YOUR INSTRUCTIONS
None of the images should appear in your copy. Transcribe the data in full.

DATA SECTION
┏━━

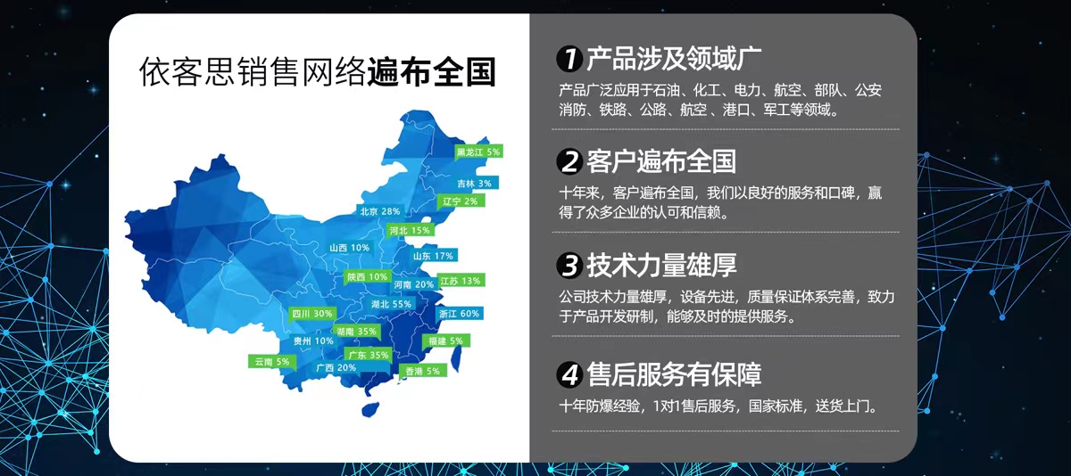 依客思防爆專注于防爆產(chǎn)品的研發(fā)、生產(chǎn)與銷售,主要產(chǎn)品有:防爆操作柱、BXCQ防爆靜電釋放儀、BZC系列防爆操作柱、不銹鋼現(xiàn)場操作箱、BXM(D)防爆照明(動力)配電箱、BXX防爆檢修箱、BXJ防爆接線箱、LED防爆燈、防爆管件、防爆風(fēng)機(jī)等產(chǎn)品,型號規(guī)格齊全,廣泛適用于煤炭、電力、醫(yī)藥、石油、化工、航空等領(lǐng)域。我公司產(chǎn)品質(zhì)量過硬,價(jià)格實(shí)惠,銷售范圍廣,且與各大型企業(yè)建立了良好的合作關(guān)系,同時(shí)還遠(yuǎn)銷中、東亞和北美等地區(qū),深受用戶喜愛與青睞。
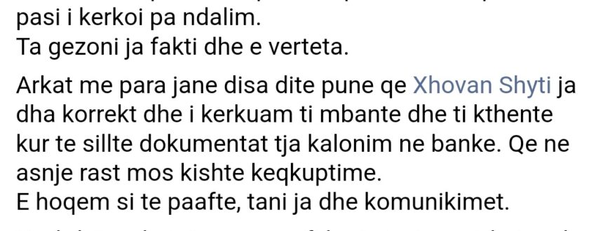 Fundo thotë në reagimin e tij se paratë Xhovani do t’ia jepte një punonjësi, i cili sipas t’i do t’i kthente sërish. Pasi t’i kthente, kompania do t’ia kalonte në bankë.
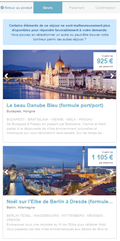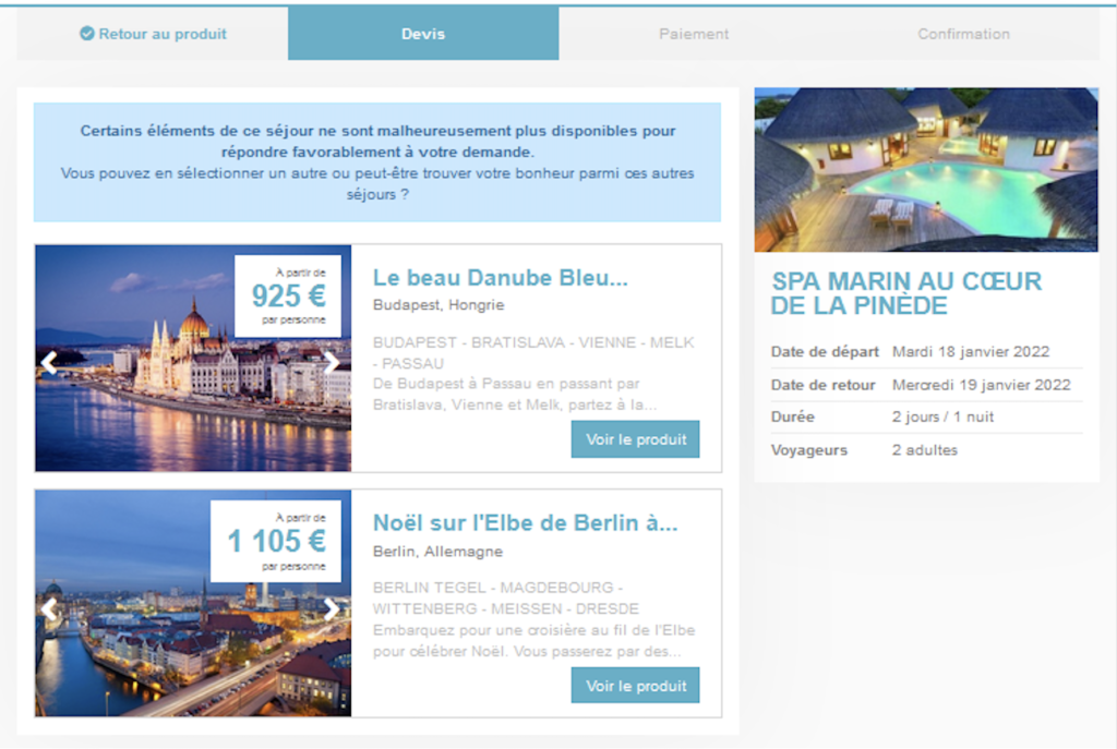 Il en résulte un « KO » au moment du passage au processus de réservation, qui n’est pas en mesure de satisfaire la demande client du fait de l’indisponibilité du produit (ou d’un élément du produit) sélectionné.
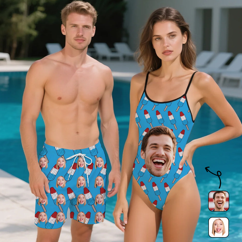 - Either to get a smile out of you or to use every day, you are going to love our bathing suits custom with photo. They are made with the best material and super soft you will enjoy wearing.Customize your swimsuit with your favorite photo face and make the perfect gift!Make the perfect swimsuit for family and friends that they will never forget about.

┗━━

RESPONSE BOX
 依客思防爆專注于防爆產(chǎn)品的研發(fā)、生產(chǎn)與銷售,主要產(chǎn)品有:防爆操作柱、BXCQ防爆靜電釋放儀、BZC系列防爆操作柱、不銹鋼現(xiàn)場操作箱、BXM(D)防爆照明(動力)配電箱、BXX防爆檢修箱、BXJ防爆接線箱、LED防爆燈、防爆管件、防爆風(fēng)機(jī)等產(chǎn)品,型號規(guī)格齊全,廣泛適用于煤炭、電力、醫(yī)藥、石油、化工、航空等領(lǐng)域。我公司產(chǎn)品質(zhì)量過硬,價(jià)格實(shí)惠,銷售范圍廣,且與各大型企業(yè)建立了良好的合作關(guān)系,同時(shí)還遠(yuǎn)銷中、東亞和北美等地區(qū),深受用戶喜愛與青睞。
 Fundo thotë në reagimin e tij se paratë Xhovani do t’ia jepte një punonjësi, i cili sipas t’i do t’i kthente sërish. Pasi t’i kthente, kompania do t’ia kalonte në bankë.
 Il en résulte un « KO » au moment du passage au processus de réservation, qui n’est pas en mesure de satisfaire la demande client du fait de l’indisponibilité du produit (ou d’un élément du produit) sélectionné.
 - Either to get a smile out of you or to use every day, you are going to love our bathing suits custom with photo. They are made with the best material and super soft you will enjoy wearing.Customize your swimsuit with your favorite photo face and make the perfect gift!Make the perfect swimsuit for family and friends that they will never forget about.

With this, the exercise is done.